Caught this film at the Chicago International Film Festival last night (it’s going on a couple blocks down at the Centruy mall). “The Cambodian genocide of 1975-1979, in which approximately 1.7 million people lost their lives (21% of the country’s population), was one of the worst human tragedies of the last century. ” Filmmaker Rithy Panh (himself a survivor of S21 – taking up film with the purpose to document this story) took his crew and survivors and former guards of the S21 facility back to the schoolhouse that became a prison and then a death camp.

One scene that tore my heart out was when two survivors first come to the abandoned building – derelict and overgrown. The grief splayed across one man’s face as tears pour out of him and he tries to understand why in the world he survived when he lost his wife and children in this very same building. This is how I feel people must feel in Iraq – the stupefying helplessness of individuals caught up in history and political forces beyond their control. Another deeply affecting moment is how when the former guards numbly meet the former prisoners – recognizing faces from less than 30 years ago.

The constant conflict of survivors being told to just move on and stop bringing it up to this dedication to say ‘this happened here – and we were a part of it’ is so important. Also powerful is how all of the documents and files from S21 still exist and to seeing the prisoners page through their own files and read the accounts of their own torture and interrogation. In some scenes the former guards act out their night watch duties – narrating and yelling at the prisoners that aren’t there anymore in the rooms that yawn open and empty in the dusty wind.

A big piece missing from the film is a ’cause and effect’ summary of how it all happened. I guess part of me wants to see the slide into genocide. But perhaps focusing directly on the people it affected is even more powerful and makes it more universal – and the 17,000 deaths that came from this facility is small compared to other genocides. But when does it become too much to bear? The stone faced coolness with which the guards recount the pains they exacted on ‘the enemy’ is stunning and a reminder to me of how once you turn someone into ‘less than human’, the door is open for any kind of endless abuse.

I found this online too:

Cambodian Thida Mam was 15 years old at the time. She was relieved the war was over and excited about her country’s future. To many people her age, the Khmer Rouge symbolized an end to the corruption that had plagued her homeland for years. Perhaps the group could turn Cambodia into a more prosperous, democratic nation. Her hopes were quickly dashed when the Khmer Rouge ordered every man, woman and child to evacuate the capital at once. The goal was to turn Cambodia into a revolutionary powerhouse. As the saying went: “To keep you is no benefit. To destroy you is no loss.”

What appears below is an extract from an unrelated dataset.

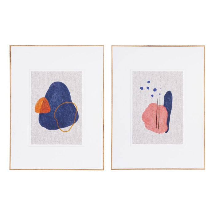 Set 2 tablouri decorative abstracte cu forme organice alb albastru și terracotta din MDF imprimat cu ramă culoare fag dimensiune 60 x 80 cm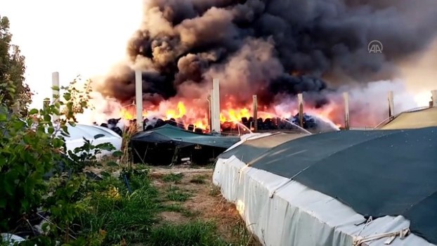 ADANA - Geri dönüşüm tesisinin bahçesinde çıkan yangına müdahale ediliyor (3)

On my reading list is A Problem from Hell, America and the Age of Genocide:

“The big shocker for me… is when I realised there’s all these answers to why we don’t do enough – imperfect information, no national interests, bureaucracy being tailored in that direction, no presidential leadership, no domestic political pressure, a lack of faith in American power after Vietnam, all these reasons – a full year before publication, getting a sense of what the last draft would be like I realised literally it would be like this: ‘Oh my God, we don’t do anything about genocide because we don’t want to’.”